Из сочинений Федорова мы знаем, что его всю жизнь мучил «стыд рождения» и «небратские отношения» между людьми. Коренную неправду Федоров видел в роковом вытеснении из жизни родителей их детьми, то есть в смерти, обрывающей связь человека с миром и заставляющей его (в борьбе за свою жизнь и жизнь своего потомства) действовать не «со всеми и для всех», а «за себя» против «других». Темы эти выросли из личного опыта Николая Федорова, из испытаний детских и отроческих лет, из травмы «незаконного рождения». «Небратские» отношения – следствие неродственности, а эта последняя – следствие человеческой смертности, конечности. Жало многоликого зла – в смерти, а потому борьба со злом должна быть «общим делом» борьбы со смертью. Вопрос о неродственных отношениях и вопрос о смерти есть для Федорова – один и тот же вопрос о замыкании человека в самом себе. Родство требует восстановления связи с родственниками, то есть со всеми людьми – и живыми, и умершими.

Итак, «философия» Федорова родилась из его жизни, из переживания смерти как зла, как непереносимой несправедливости, как того, с чем нельзя мириться, что должно быть преодолено. Отсюда ее проективность, отсюда же пафос долженствования и практического действия. Для самого Николая Федоровича его писания не были «просто теорией», не были попыткой дать верное описание мира как он есть сам по себе, исследовать границы и условия его познания. Мысль Федорова ориентирована практически, она представляет собой план тех действий, которые должны совершить люди, чтобы свалить своего главного врага – смерть. Теоретических вопросов он касается постольку, поскольку ему приходится обосновывать свой проект и опровергать многочисленные «лжеучения», отвлекающие от «общего дела», от «патрофикации», то есть от воскрешения умерших отцов.

Как уже было сказано, Федоров исходит из переживания неправды существующего (природного и социального) порядка. В мире царят смерть и беспощадная борьба людей за жизнь и ее жалкие (перед лицом смерти) радости. Человек не только не может, но и не вправе мириться со смертью. Он должен изменить мир таким образом, чтобы восторжествовала правда – порядок бытия, исключающий смерть. То, «что есть», не должно быть единственным центром нашего внимания, поскольку наличное бытие далеко от правды, от того, что «должно быть». Истина как адекватное знание о действительности не должна абсолютизироваться, истина для Федорова технична: надо знать устройство мира для того, чтобы подчинить его человеку и преобразовать.

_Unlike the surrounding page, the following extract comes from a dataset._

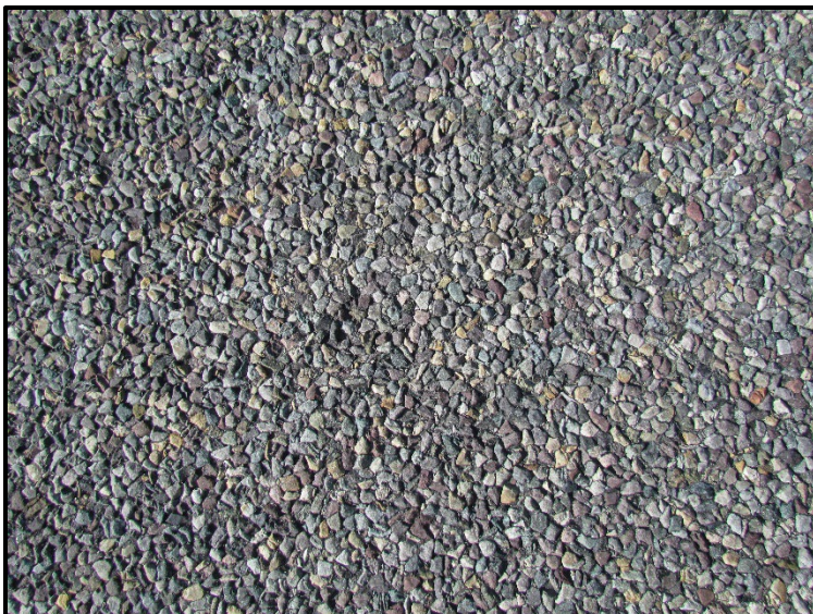
← RP 12, close-up of the chip seal surface.

Истина технична, следовательно, не вечна, не универсальна, не непреложна. Подлинная Истина не открывается как неизменная данность, а проектируется, конструируется и конституируется самими людьми. Пока же (в нашей смертной жизни) Истина живет под именем правды. То, что есть, – временно, оно может быть изменено и будет изменено, убежден Федоров, следовательно, человеку не стоит поклоняться действительности и нашему о ней знанию. С действительностью стоит считаться, ее стоит знать, но не для того, чтобы принять ее и сжиться с ней, а для того, чтобы радикально преобразить ее, привести в должное состояние, «даровое» превратить в «трудовое». В представлении о том, что подлинная истина (истина-правда) не данность, а то, что должно быть претворено в действительность, можно видеть некоторое сходство «философии общего дела» с коммунистическим проектом К. Маркса[7] с его материалистическим пониманием истории. Ведь у Маркса истина открывается только в конце истории, в обществе всеобщего братства, где от каждого – по способностям, каждому – по потребностям. Подобно Марксу, Федоров считал, что царство правды не придет само собой, и верил в его достижимость здесь, на земле.
Добьемся мы освобожденья…
(Трансформации русского религиозного сознания в пространстве ценностей Нового времени)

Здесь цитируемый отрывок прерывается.